The emergency meeting of the Organisation of Petroleum Exporting Countries, OPEC, convened to find a common ground to boost oil prices ended without any resolution.
The meeting held in Doha, the Qatar capital, could not reach a resolution on whether there should be a cut in output by members, amid reports of heightened tension between two of the world’s leading oil producers, Saudi Arabia and Iran.
Iran, which recently returned to the group after international sanctions imposed on it was lifted, wants to begin supply of an average 3.1 million barrels per day of crude to the international market .
With oil price is currently at an average of $39 per barrels, members thought there was need to get together to attempt to strike a deal to stabilise the market and bolster prices.

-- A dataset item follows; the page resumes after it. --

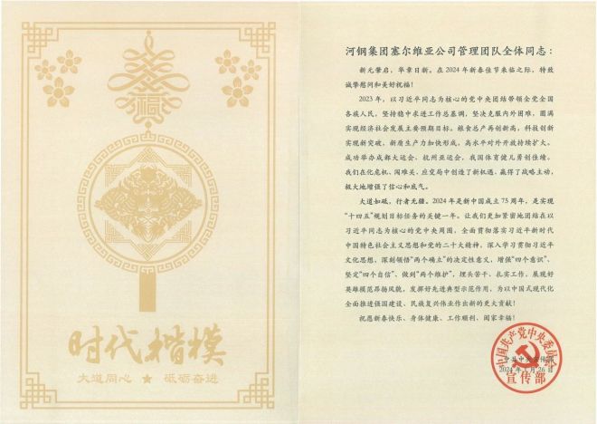 新元肇啟,華章日新。在2024年新春佳節(jié)來臨之際,中共中央宣傳部特向“時代楷模”河鋼塞鋼管理團隊發(fā)來新春慰問信,致以誠摯慰問和美好祝福。
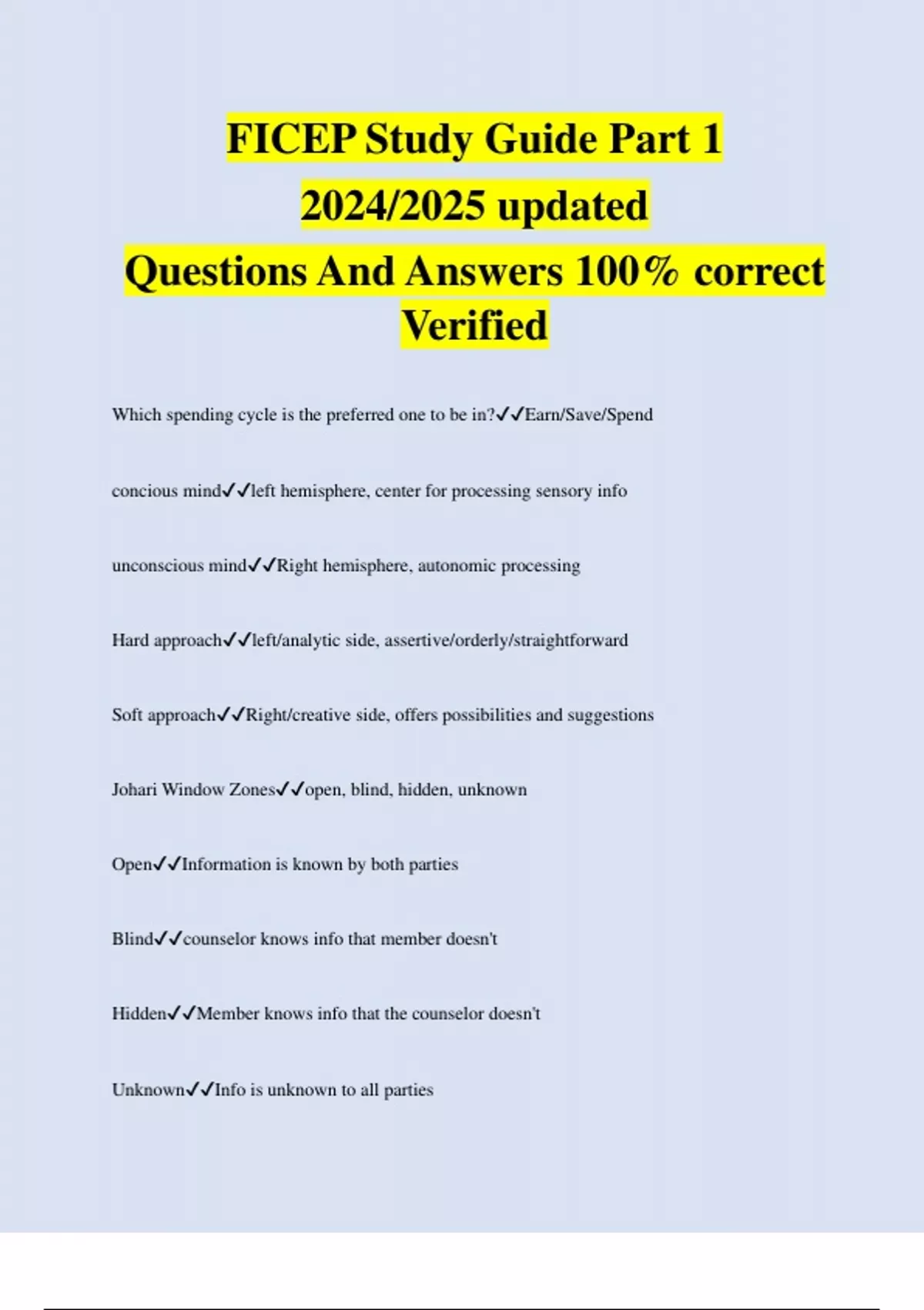 FICEP Study Guide Part 1 2024/2025 updated Questions And Answers 100% correct Verified

Although most members had seen the prospect of achieving this objective, reports said the absence of Iran at the meeting made it difficult for any decision.
Saudi Arabian officials have always said that their country would be willing to abide by the resolution to cut production if Iran was ready to do the same.
Since it returned to the group early this year, Iran has made its position clear that it was more interested in making up for lost grounds, in terms of supplying its oil to cover those years it was shut out by the international sanctions.
It was learnt that efforts by Nigeria’s Minister of State for Petroleum Resources, Ibe Kachikwu, to forge a truce between the two leading producers did not yield the desired result, an indication that the negative impact of the declining global oil prices on the Nigerian economy may continue to linger for some time.
The meeting, which was chaired by the Qatari minister of energy and industry, Mohammed Al Sada, was adjourned to June.
When the group met about five months ago, members had agreed that the best way forward to stabilise the market and firm up prices was to cut January production levels until October 2016.